• _YOUR INSTRUCTIONS_
From the line that has "Букет из роз, гвоздики" down to the last line of the data below, set down every line exactly, but none of the pictures.

• _SOURCE INFORMATION_
*-*-*

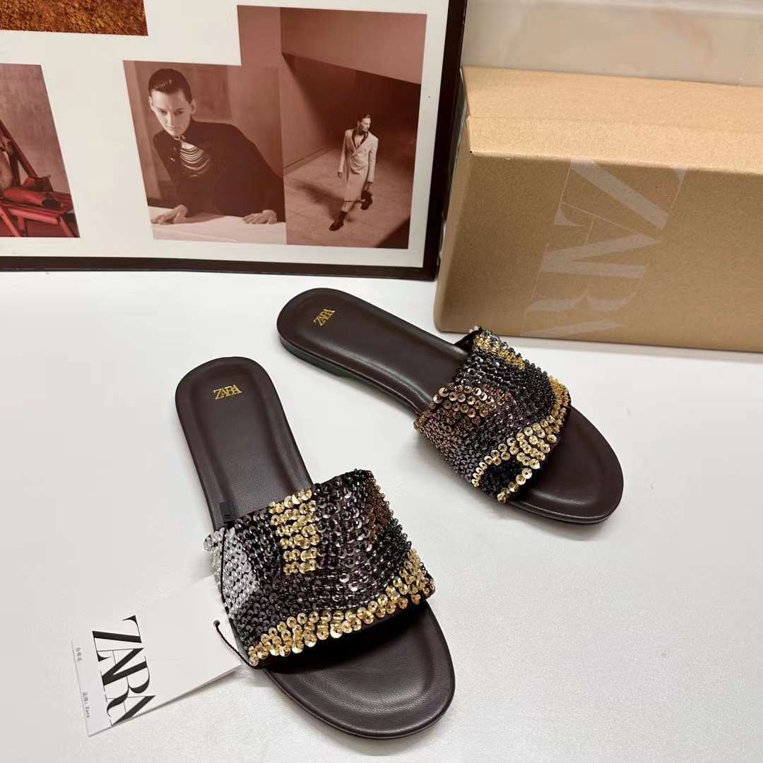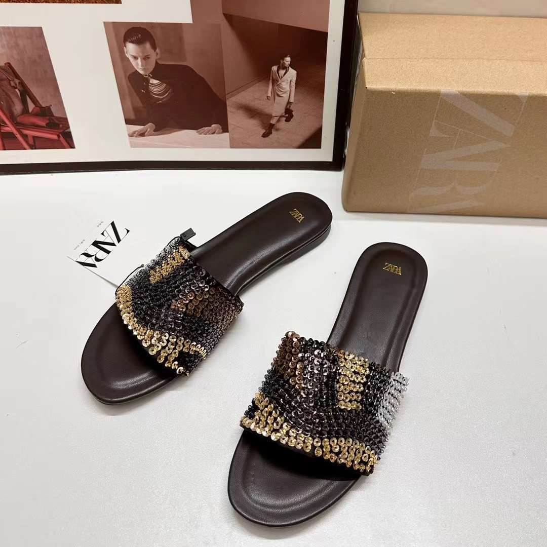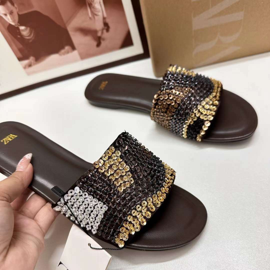 ZA2024 New Summer Slippers Round Toe Easiest for Match Flat Bottom Rhinestone Strap Color Matching Outerwear Sandals Fashionable Women's Shoes
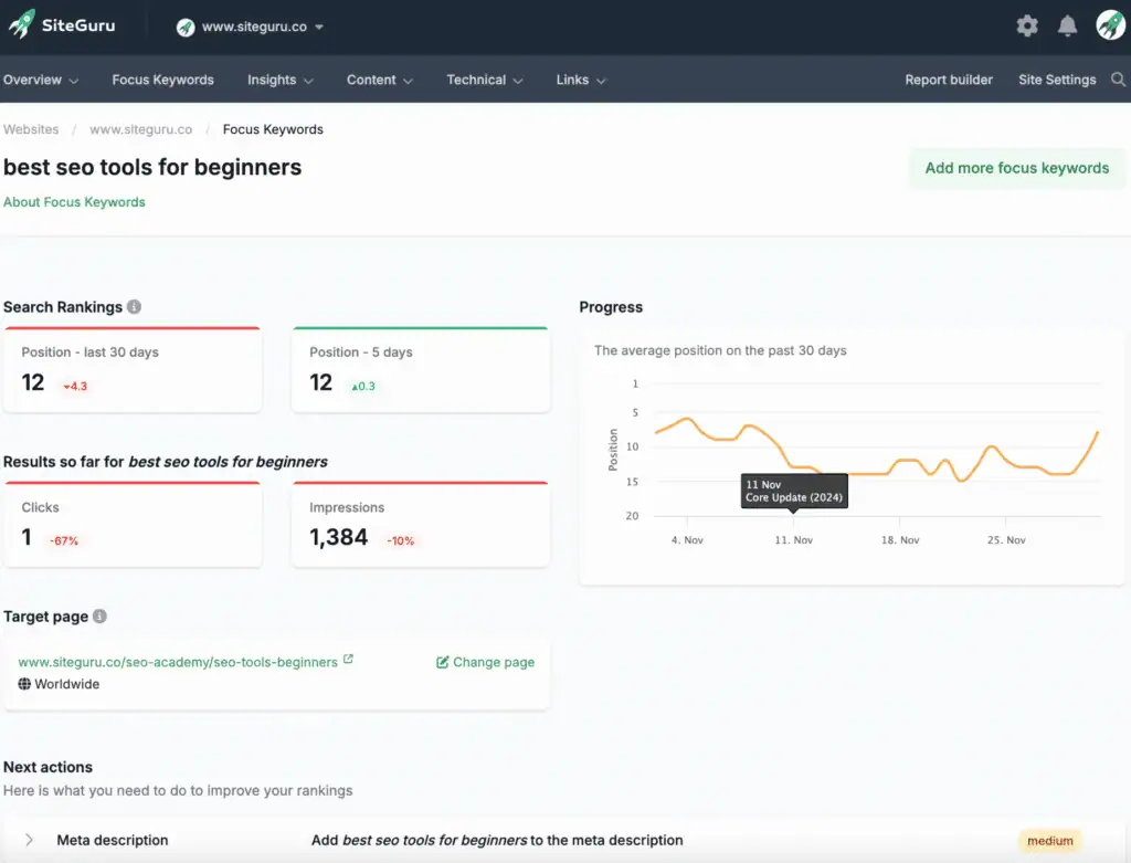As a Wincher alternative, SEO.AI emphasizes automation over manual control. SEO.AI delivers faster, AI-driven content recommendations that streamline workflows for businesses that want to act quickly rather than monitor rankings in detail.
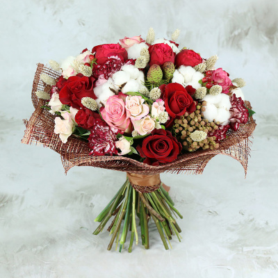 Букет из роз, гвоздики и хлопка в упаковке| 12 000 Р | без скидки |
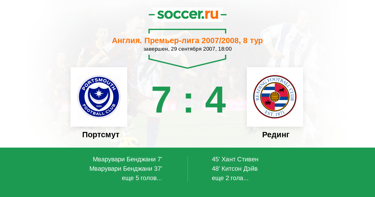 Протокол матча Портсмут против Рединг
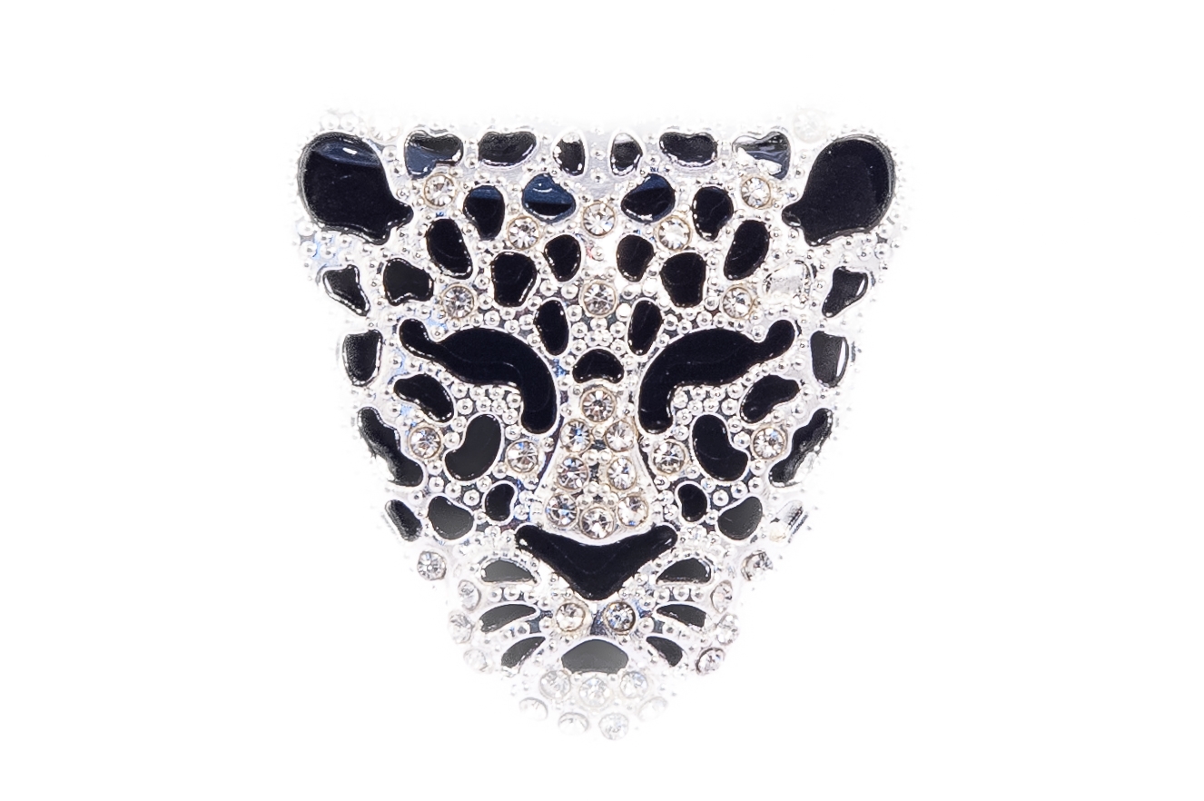 Elegancka ozdoba maskująca guzik mankietowy w kształcie pantery. Ozdoba w kolorze srebrnym, ozdobina szlifowanymi kamieiami.

*-*-*

• _ANSWER SECTION_
 Букет из роз, гвоздики и хлопка в упаковке| 12 000 Р | без скидки |
 Протокол матча Портсмут против Рединг
 Elegancka ozdoba maskująca guzik mankietowy w kształcie pantery. Ozdoba w kolorze srebrnym, ozdobina szlifowanymi kamieiami.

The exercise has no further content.